Are natural clusters likely to be more stable/robust to new data?
Clustering solutions are notoriously sensitive to classification protocols, and it has generally proven difficult to retrieve the units of individual CCSs via meta-analysis of combined data (Tichý et al . 2011, 2014). Wiser & De Cáceres (2013) and Tichý et al . (2014) characterised this problem in terms of the need to preserve units of one or more CCSs while allowing for previously unrecognised units to be identified following the acquisition of new plot data. Their respective solutions comprise alternative forms of semi-supervised clustering, promising approaches that allow for units to be “fixed” by specifying their plot membership a priori while allowing for unattributed plots to form new clusters. The question of when units should be “fixed” must still be addressed. If the problem arises either because algorithms cluster irregular data in idiosyncratic ways or there are biases in the distribution of samples in compositional then some understanding of the underlying data structure is likely to be informative.
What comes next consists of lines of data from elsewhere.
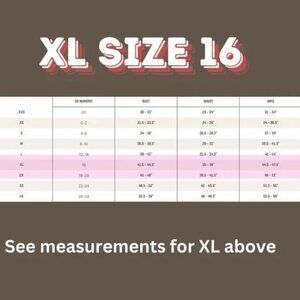 Size XL = 16, however may also fit 14 - see photo with XL measurements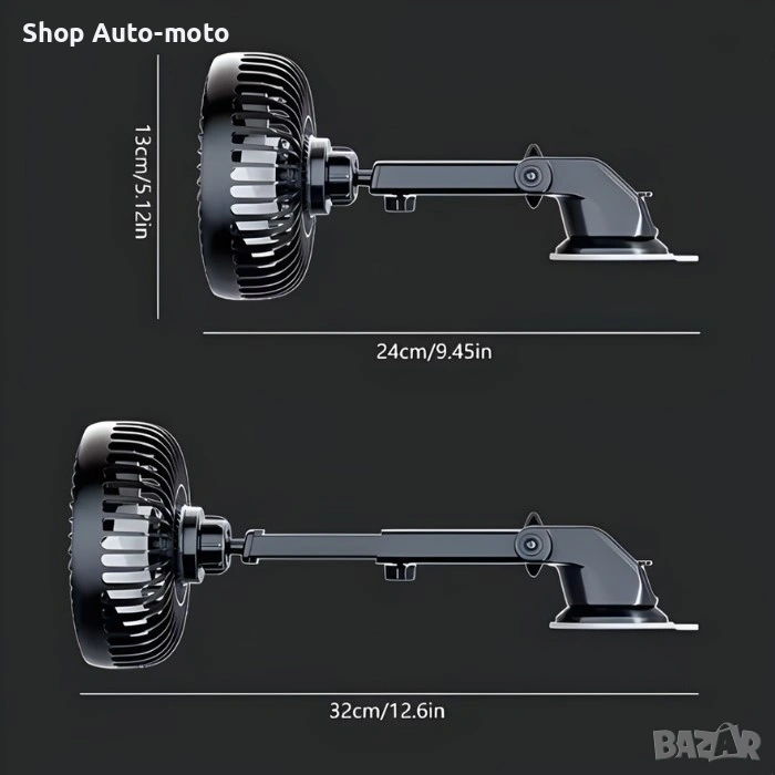 Благодарение на вакуумната стойка, вентилаторът се закрепва стабилно към таблото или предното стъкло, осигурявайки надеждна фиксация по време на движение. Регулируемото рамо и 360° въртящата се глава позволяват лесно насочване на въздушния поток към водача или пътниците за максимален комфорт по време на пътуване.
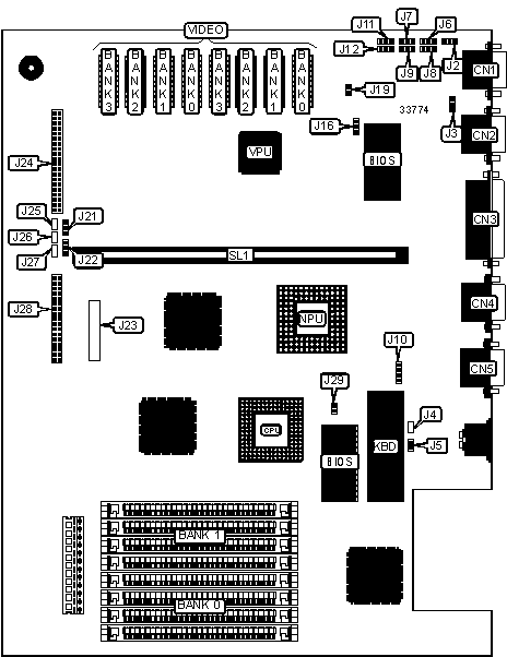 Floppy drive interface, game port, IDE interface, parallel port, serial ports (2), VGA port, riser slot, modem connector |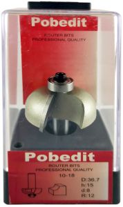Фреза кромкова радіусна зворотна з підшипником D-36.7 мм, R-12 мм, d-8 мм Pobedit P-1018-08-12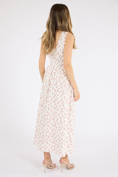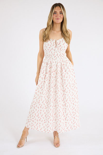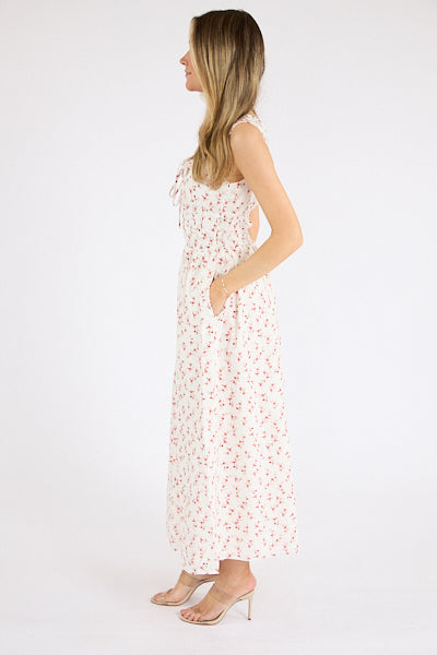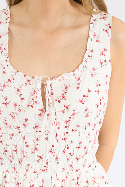 The Jordie dress features a flattering A-line silhouette that skims the body beautifully. A rounded square neckline frames the shoulders, while delicate ruffle trim adds feminine detail throughout. The standout center-front bust cutout with self-tie straps creates an elegant focal point and allows for customizable fit. A smocked waist provides gentle shaping and comfortable wear all day long. Perfect for any occasion where you want to feel polished and put-together.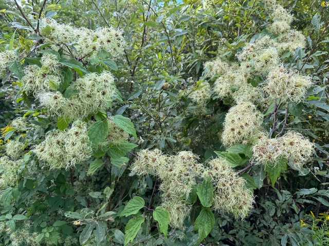 Prolific along country roads and suitable, with oversight, in the polyculture garden, native Virgin’s Bower (Clematis virginiana) bears attractive small white flowers followed by the seed heads, shown here.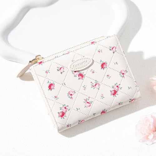 Sunwel Fashion Floral Prints Rose Wallet Small Bifold Wallet with Zipper Coin Purse Card Holder ID Window for Women Girls (CREAM) 1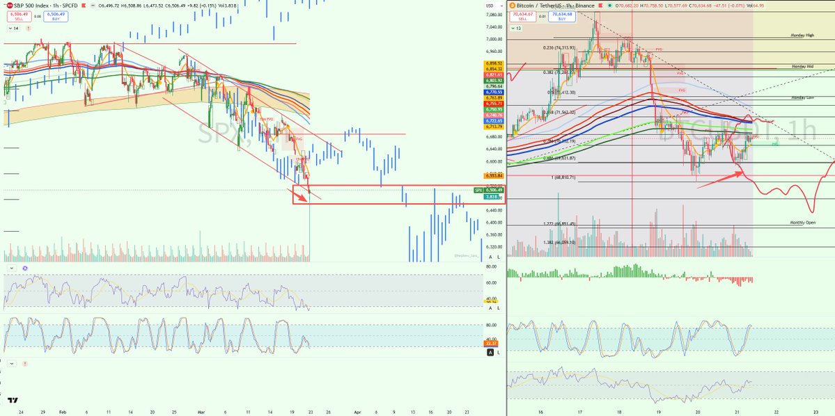 美股同步探底6500(或不探,美股和btc脱节)后反弹一个LH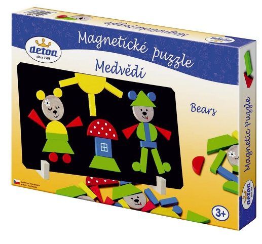 Dětské magnetické puzzle - skládačka. Sada obsahuje magnetickou tabulku a dřevěné magnetky různých tvarů se kterých se skládají medvídci, hříbek, domeček, sluníčko atd. dle fantazie. Veselé barevné magnetické tvary seskládají vaše děti do různých obrazců. Podporuje rozvoj tvořivosti, představivosti a fantazie. Poskládej si obrázky medvídků na magnetické tabuli dle vlastní fantazie.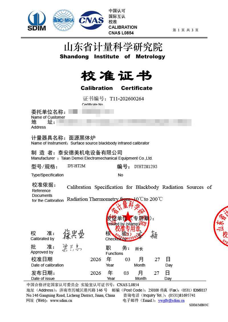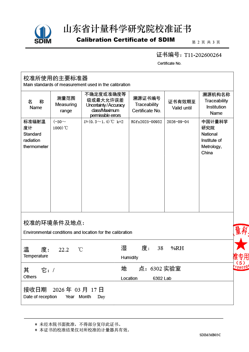 面源黑體爐-校準證書 2026-4-7 本文被閱讀 966 次
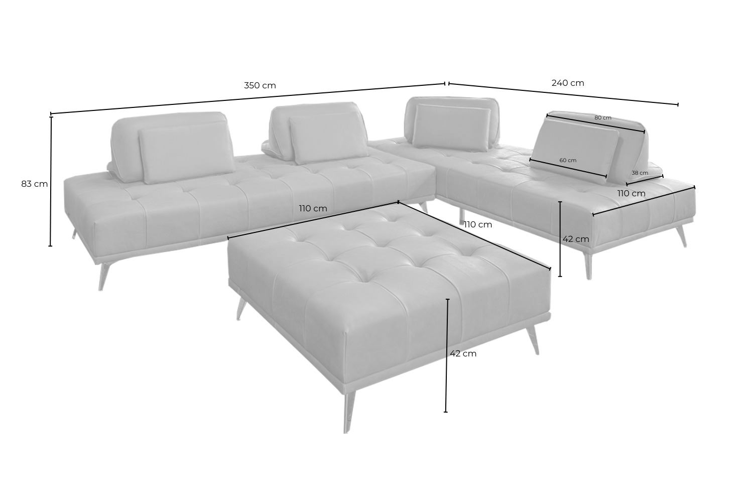 - Breite Hocker: 110 cm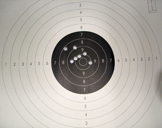 Como os podréis figurar hay otra diana, que es la primera, en donde hay tiros mas desviados, que por supuesto son los de la puesta a punto, que los he hecho yo para ir rectificando hasta conseguir que los disparos obedezcan, y una vez conseguido se cambió la diana y en ese momento comenzo a disparar el alumno con el resultado que veis...como ya he dicho solo tres son mios.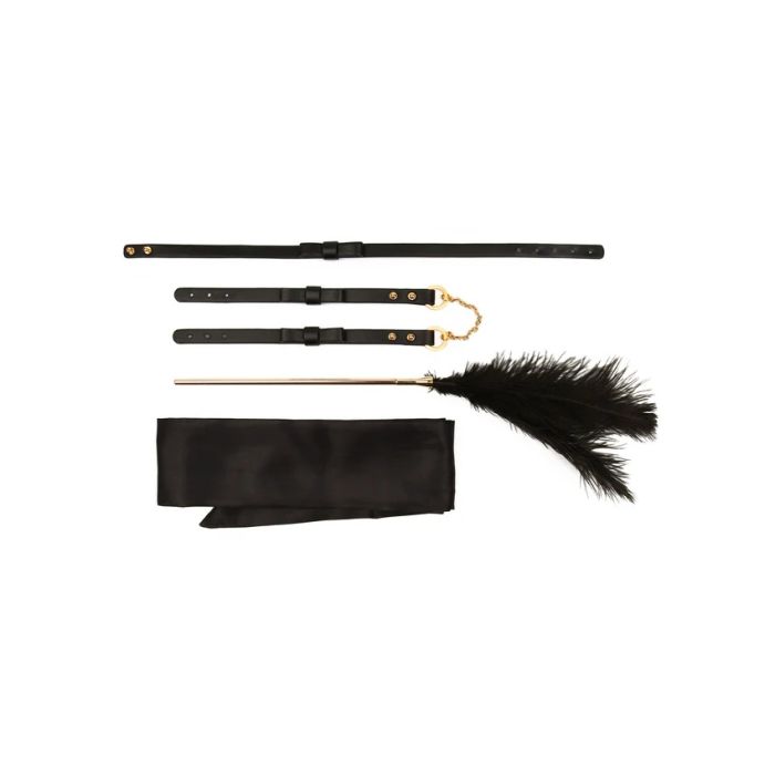 De TABOOM Desires Tease Bondage Set is een luxe 4-delige set die speciaal is ontworpen voor koppels die hun passie willen aanwakkeren. Deze set bevat een verleidelijke halsband die je partner in de juiste stemming brengt, flirterige polsboeien die zowel comfort als spanning bieden, zijdezacht bondagelint voor een luxe ervaring en een verenkietelaar die elke aanraking transformeert in een sensuele ontdekking. Of je nu een beginner bent die nieuwsgierig is naar de wereld van bondage of een ervaren avonturier die zijn repertoire wil uitbreiden, deze set biedt de perfecte mix van plezier en opwinding.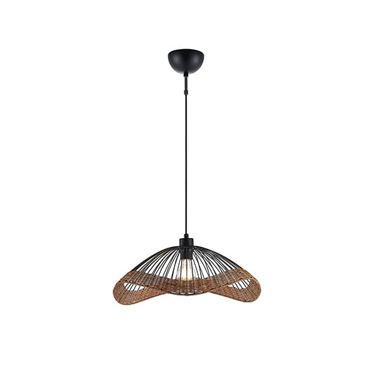 Eglo Taklampa Anwick 1, 1 glödlampa taklampa vintage, boho, takstrålkastare av stål och rotting, vardagsrum i svart, natur, kök, spot med E27-sockel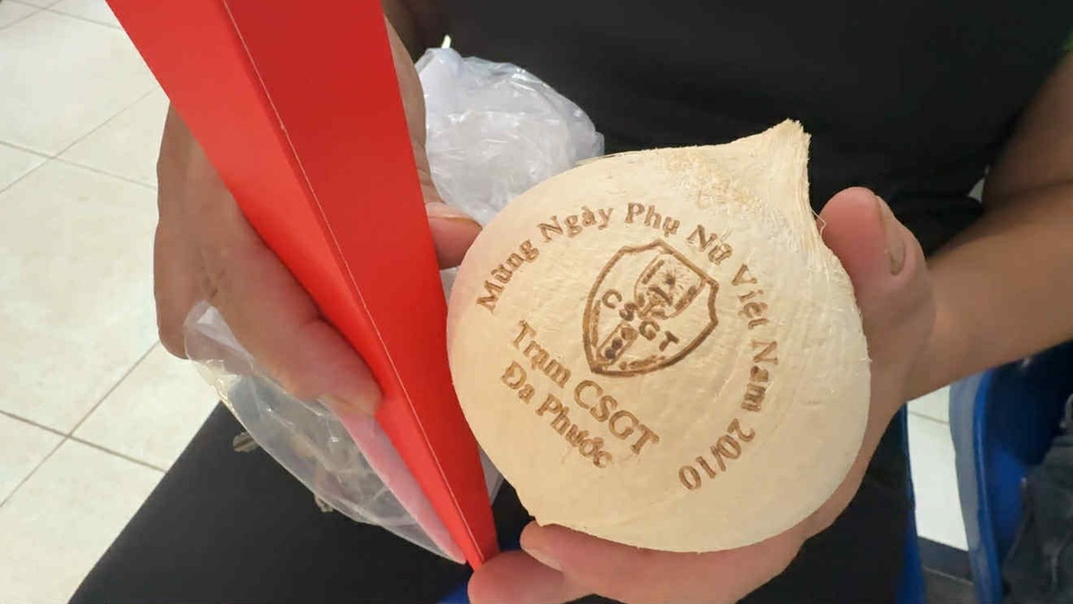 Chị Thái Mỹ Tâm , một người có mặt và nhận quà tặng từ CSGT Đa Phước bày tỏ sự bất ngờ xen lẫn thích thú khi nhận quà tặng là bó hoa cùng quả dừa khắc tỉ mỉ thông tin Trạm CSGT Đa Phước.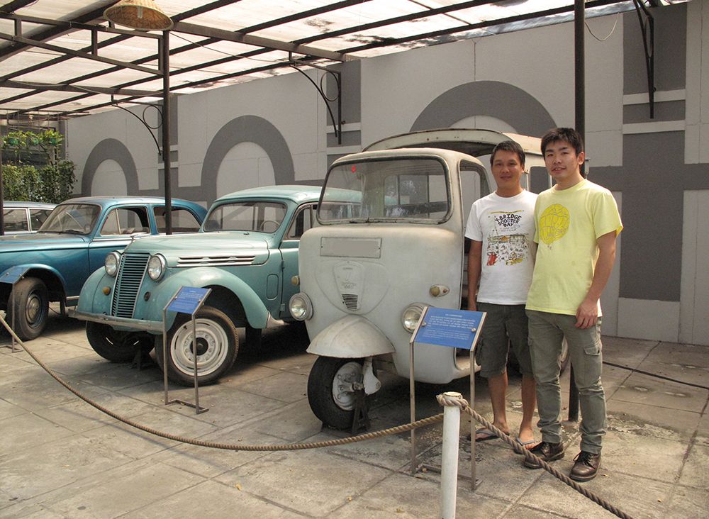 土田さんのベトナム旅をサポートしてくださったAnさん(左)と土田さんのツーショット。ホーチミン市博物館に屋外展示されているLamblettaの3輪カーゴトラックである、Lambroの前にて記念撮影した思い出の一枚。
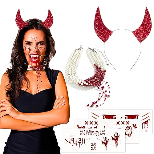 BOFUNX Orecchie Diavolo Fascia per Capelli Diavolo Corna da Diavolo + Collana di Perle con Sangue + Tatuaggi Temporanei Halloween Travestimento per Halloween Cosplay Bambini Adulti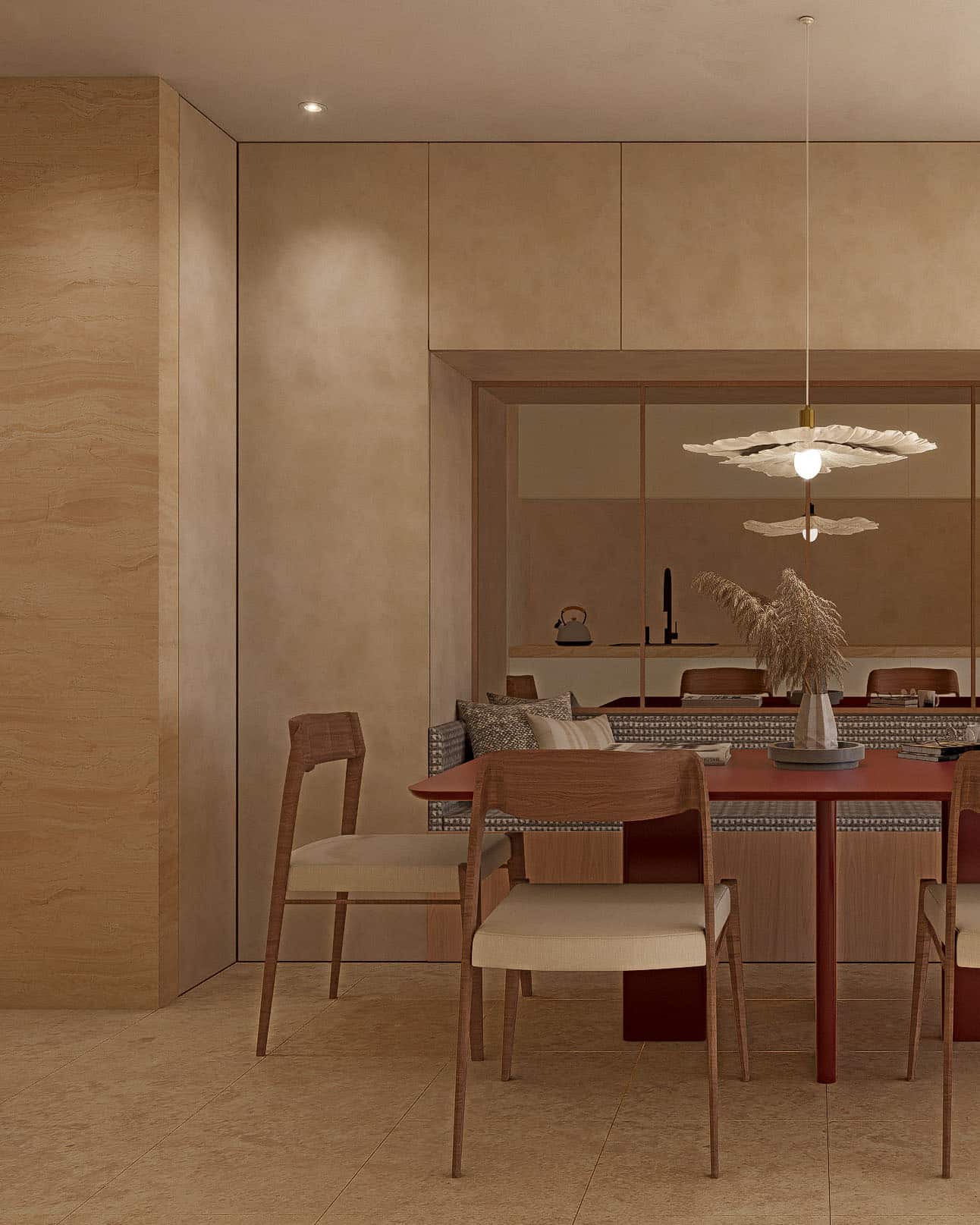 By IRU·DI Architectural Visualization / October 22, 2024 VALENCIA HOUSE Residential Location: VALENCIA, SPAIN Year: 2024 Design: JUAN BENGOA INTERIORISMO Y ARQUITECTURA Client: PRIVATE Status: PROJECTED Gallery: Interior view. Dining room. Detail of material combinations Earthly textures to make the living spaces warmth and cozy Bringing the sunlight into the environment Interior view. Dining room and transition to living room Continue ExploringIf you wanna continue exploring the projects we have done press the following button and go back to our work pageGO BACK TO WORK PAGE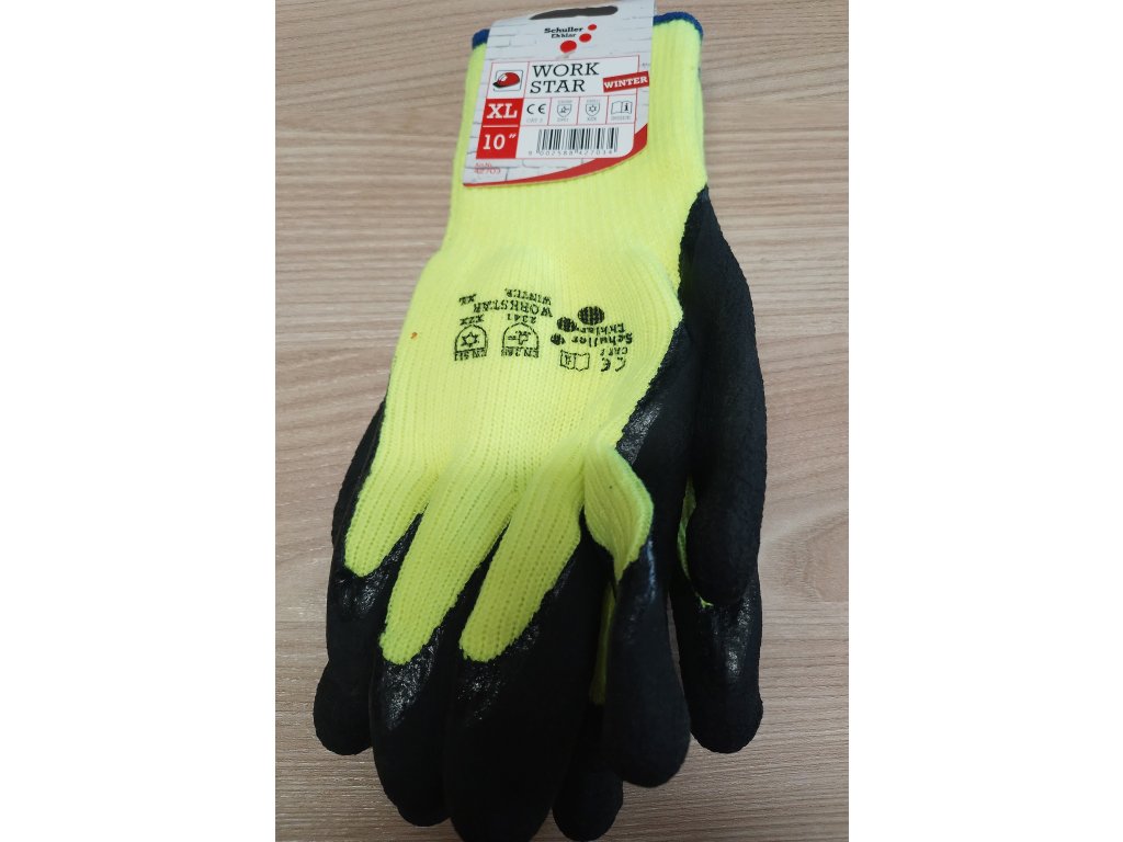Schuller rukavice prodyšné Winterhand 10/XL, zateplené pracovní rukavice s vrásněným povrchem- bezešvý úplet, potažené přírodním kaučukem

In theory, algorithms sensitive to data structure may reduce the extent of this problem, at least at some thematic scales. Tozer et al. (2022) concluded Chameleon’s novel approach to modelling inter-sample relationships greatly facilitated the revision of an earlier broad-thematic classification of forested wetlands based on substantially fewer plot samples (Keith & Scott 2005). Unlike many traditional methods which incorporate merge or split decisions based on the aggregate properties of clusters, Chameleon operates on inter-connected neighbourhood sets structured, in Tozer et al ’s (2022) case, on the same similarity metric used in the original analysis. They considered these features pivotal, because the algorithm could potentially minimise the impact of incremental additions of new data by retaining connections between samples from the original set (Tozer et al . 2022) (although they speculated that this could best achieved by specifying a large neighbourhood which, on the basis of our results, we suggest is not appropriate for minimising the rate of misclassification). Tozer et al . (2022) reasoned that since Chameleon dissolves connections between relatively weakly-connected samples in the partitioning phases, strong pairwise relationships between samples underpinning clusters in the original analysis were potentially preserved (and reflected more faithfully) in their new Chameleon-derived clusters (provided they were not displaced by a sufficiently large number of more strongly inter-connected samples). This interesting feature requires further study.